One of the great objects of a jury trial at all is to settle and determine questions between witnesses whose statements are contradictory and' irreconcilable.

In Chicago and Rock Island Railroad Co. v. McKean, 40 Ill. 218, this court said: “The weight of evidence does not depend upon, nor is it made up-of, numbers of witnesses, but of the matter sworn to, and the position of the witnesses and their capacity to hear or see, as the case may be, are elements to be taken into consideration in weighing the testimony.”

In Bishop v. Busse et al. 69 Ill. 403, it was said: “The question, whether a verdict should be sustained or set aside as to the finding of the facts, does not depend on the number of witnesses testifying on each side of the disputed points. The number of witnesses may be on one side, while the decided weight of evidence may be on the other.”

In Hubbard v. Rankin, 71 Ill. 129, it was said: “It does not follow, from the fact that two witnesses to the same transaction testify in direct opposition to each other, there is no preponderance of evidence in favor of the one holding the affirmative of the issue, as such a rule would rob the jury of their peculiar province of judging of the credibility of witnesses.”
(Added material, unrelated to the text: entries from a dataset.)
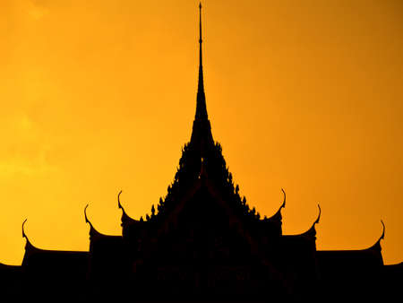 Thai multiple roof tiers in silhouette style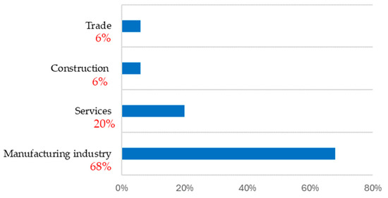 Regarding the object of activity, the sample analyzed included entities operating in various fields, namely 42 entities in the manufacturing industry (68%), 12 entities in the field of services (20%), 4 entities in the construction field (6%), and 4 entities in the field of trade (6%). Figure 1 presents the distribution of the entities included in the sample by field of activity.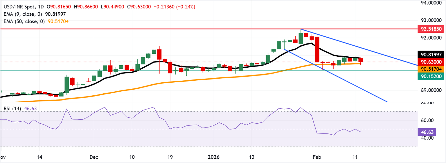 El USD/INR se cotiza alrededor de 90.60 en el momento de escribir. El análisis del gráfico diario sugiere un sesgo bajista predominante, con el par moviéndose dentro de un canal descendente. La media móvil exponencial (EMA) de 50 días tiende al alza, manteniendo el sesgo más amplio inclinado hacia arriba mientras el precio se mantiene por encima de ella. La EMA de nueve días se ha aplanado en 90.8611 y limita los rebotes a corto plazo, con el spot flotando justo por debajo de ella. El Índice de Fuerza Relativa (RSI) de 14 días imprime 49.74 (neutral), indicando un impulso equilibrado tras enfriarse de lecturas recientes sobrecompradas.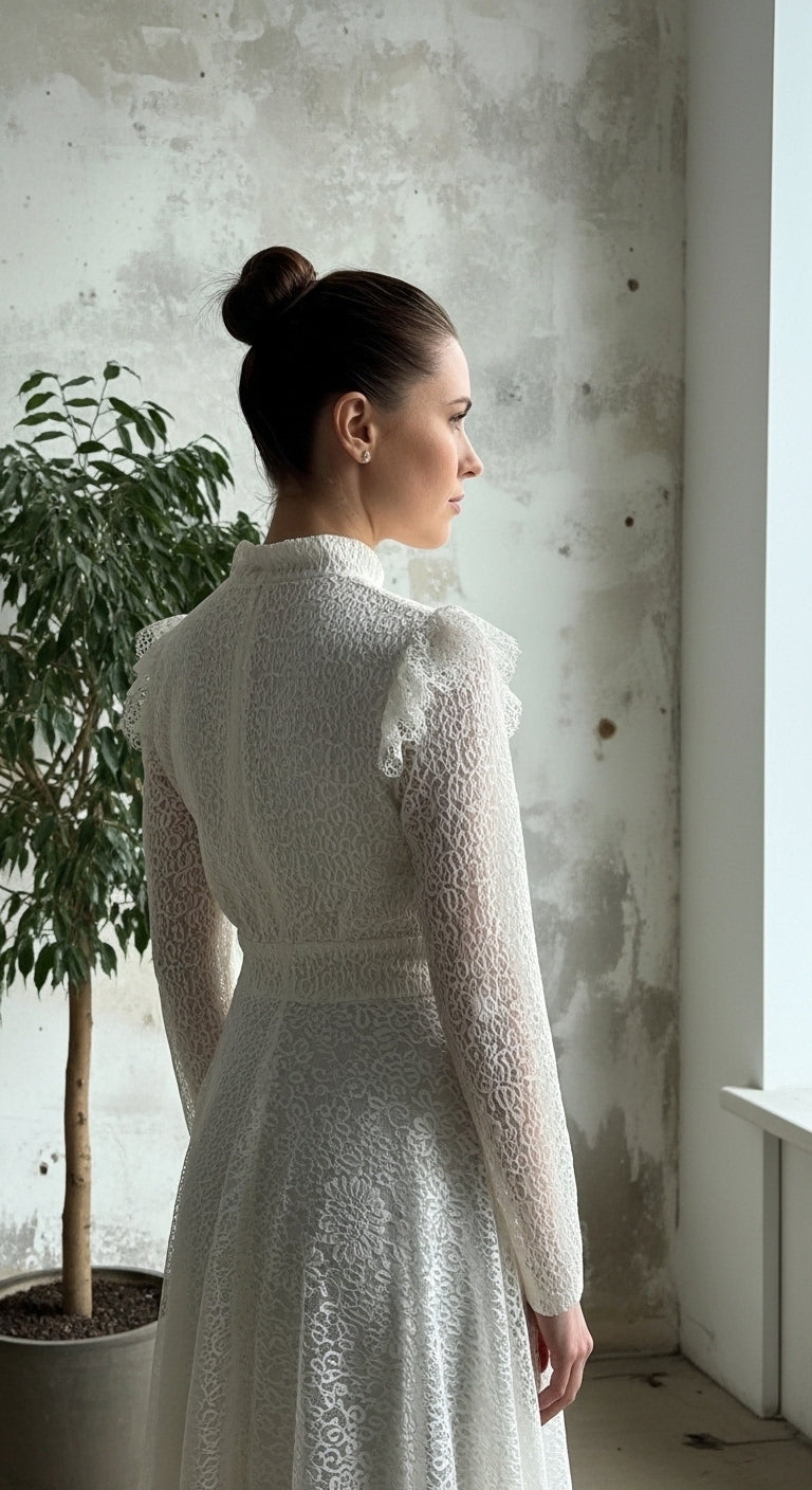Masalsı bir görünüm arayanlar için tasarlanan bu eşsiz parça, romantik dantel dokusunu modern terzilik detaylarıyla birleştiriyor. İster kendi nikah seremoninizde ister en prestijli davetlerde, bu elbise size eforsuz bir asalet sunuyor.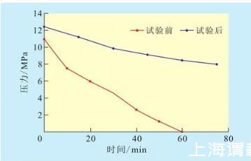 由注入井ST2-0-206泡沫驱试验前后的压降曲线可见:试验前,关井后井口压力迅速下降,60 min后压力由初期的11 MPa降为0,说明该井储层高渗透条带发育;注入氮气泡沫体系后,压力下降程度变缓,75 min后压力由关井初期的12.5 MPa降为8 MPa(图4),也说明该氮气泡沫体系在地层中形成了稳定的泡沫,对高渗透条带起到了有效封堵。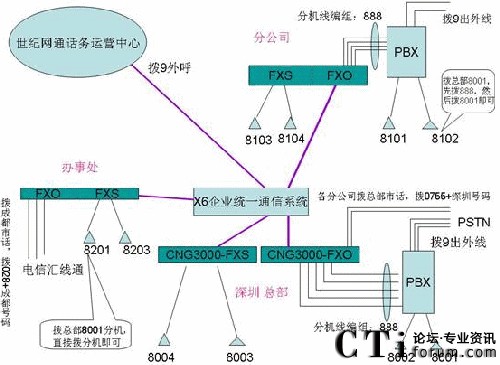 總公司和各個(gè)分公司之間語音電話和傳真交流密集,并且每周會(huì)有1~2次10人以內(nèi)的電話會(huì)議召開。客戶現(xiàn)在公布出去的是總公司深圳的號(hào)碼 075526668888,各分公司公布當(dāng)?shù)氐氖性捥?hào)碼或業(yè)務(wù)人員的手機(jī)。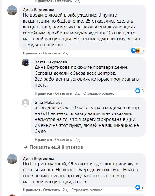Однако оказалось, что пункт в Центре молодежи, 28 июня не работал, а в центре по б. Шевченко, 25 пришедшим в выходные отказывали. Причина — декларация с семейным врачем из другого медучреждения.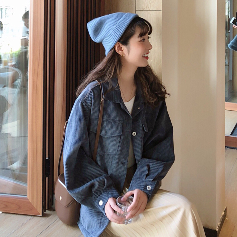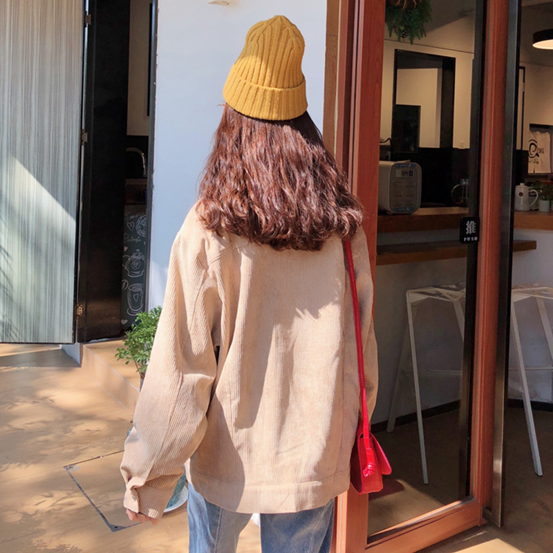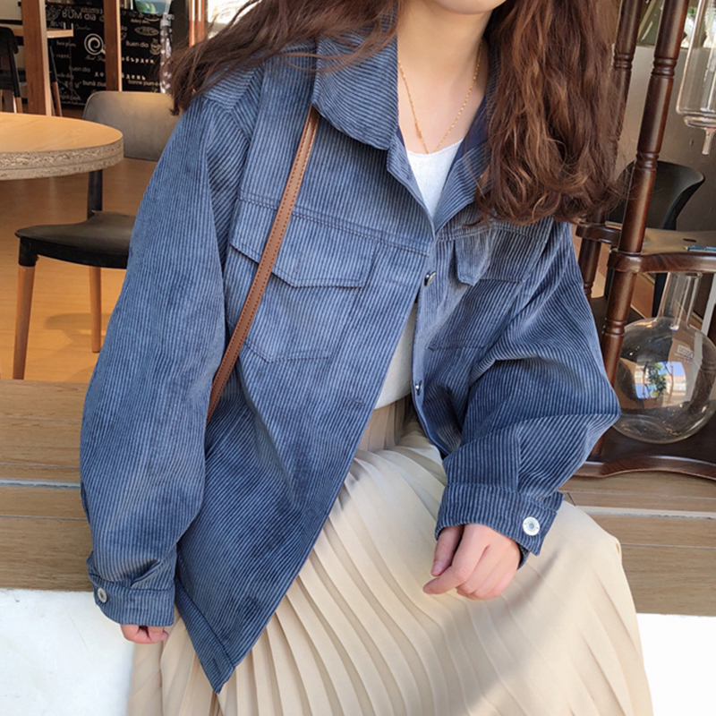 / 韓版復古風燈芯絨外套秋冬女裝2018新款學生翻領開衫休閑長袖上衣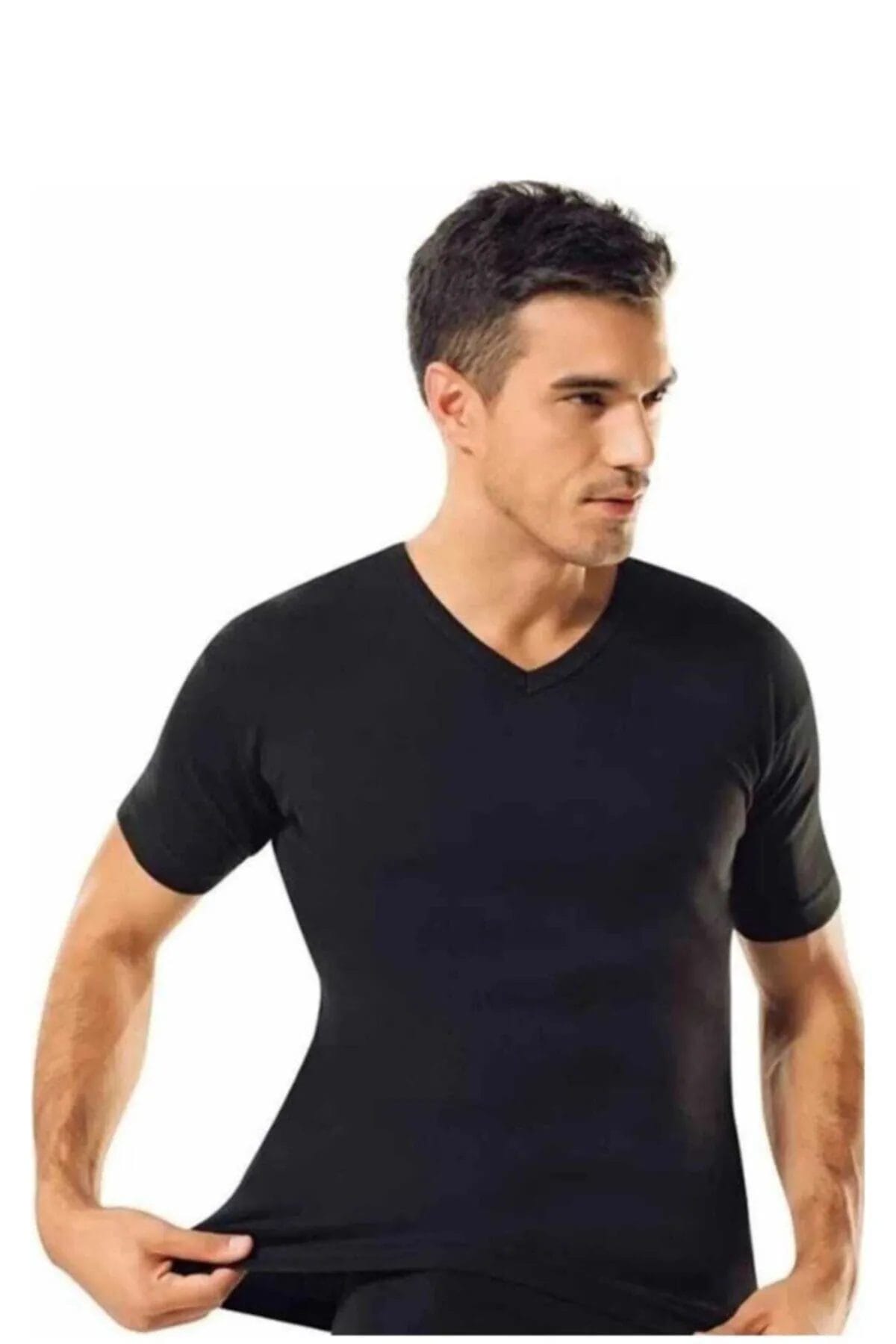قميص داخلي مضلع أسود برقبة على شكل حرف V مكون من 3 قطع من توتكو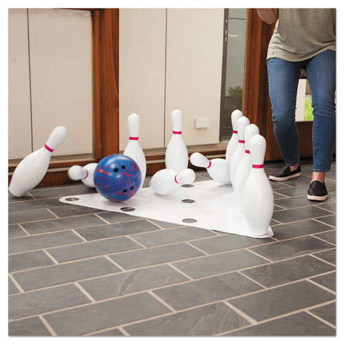 Lightweight ball and pins are easy for kids to move and set up. Rubber bowling ball knocks down pins outdoors, yet is still safe for indoor use. Pins are designed to last, even after hundreds of games. Includes one 4.5-lbs. blue/red rubber bowling ball and ten white plastic pins. Material(s): Plastic Pins; Rubber Ball; Playground/Gymnasium Sets Type: Bowling.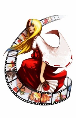 Hanjun: The requirements for the poster were pretty specific! It needed to be 11x17'', 300dpi, no image cutoffs around edges, no background, simple and eye-catching. I decided to go for something more graphic and a cleaner style than my usual to fit the requirements. Since this poster was for the video rooms, I also wanted to include something to do with film. Their mascot was a shinto priestess, so the design definitely needed to have her in it. With such detailed instructions, it was just a matter of incorporating all the elements into the picture. I sketched several poses and chose a full body one to eliminate awkward cutoffs. I then added the film strip with overlays of other art I did for the convention to indicate that it was the video room poster.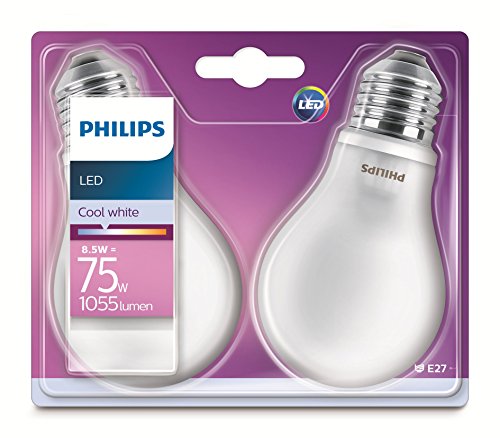 Philips Lighting Lampadina LED standard di luce fredda E27, 8.5 W, 2 pezzi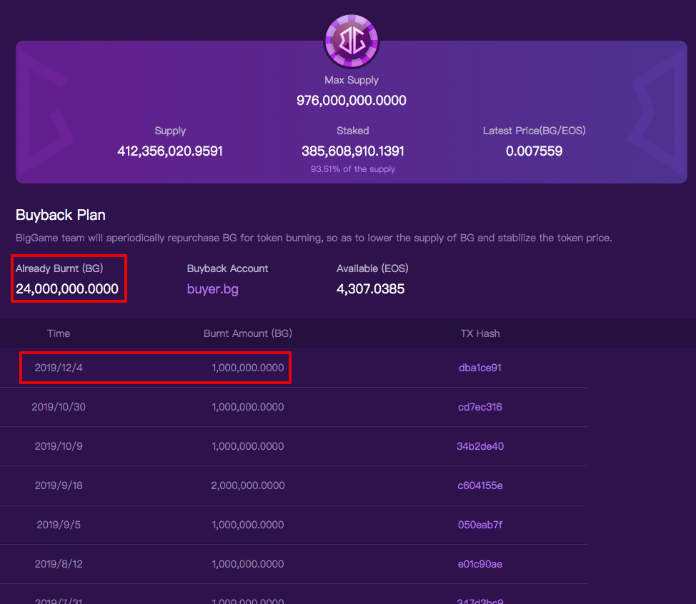 12월 5일 빅게임은 시장에서 BG토큰을 매입하였고 100만개를 소각하였습니다. 현재까지 총 10번 소각을 진행하였고 2,400만개의 토큰이 소각되었습니다. 한달에 2번 100만개식 평균적으로 바이백완료 후 소각진행되고 있습니다.

Again, in Chicago, Burlington and Quincy Railroad Co. v. Dickson, 63 Ill. 151, it is said: “In determining an issue of fact it is not mere numbers of witnesses that should control, but a variety of considerations enter into the determination as to where the weight of evidence lies; of these are the intelligence of the witnesses, their fairness and means of' information, and corroborating circumstances.” And to the same effect many other cases might be cited, but we deem it unnecessary to do so.

This court has often had occasion to state the general rules and principles by which courts should be governed in refusing or granting new trials; and has also frequently had occasion to determine under what circumstances it would be error to refuse one on the ground that the verdict is not supported by the evidence.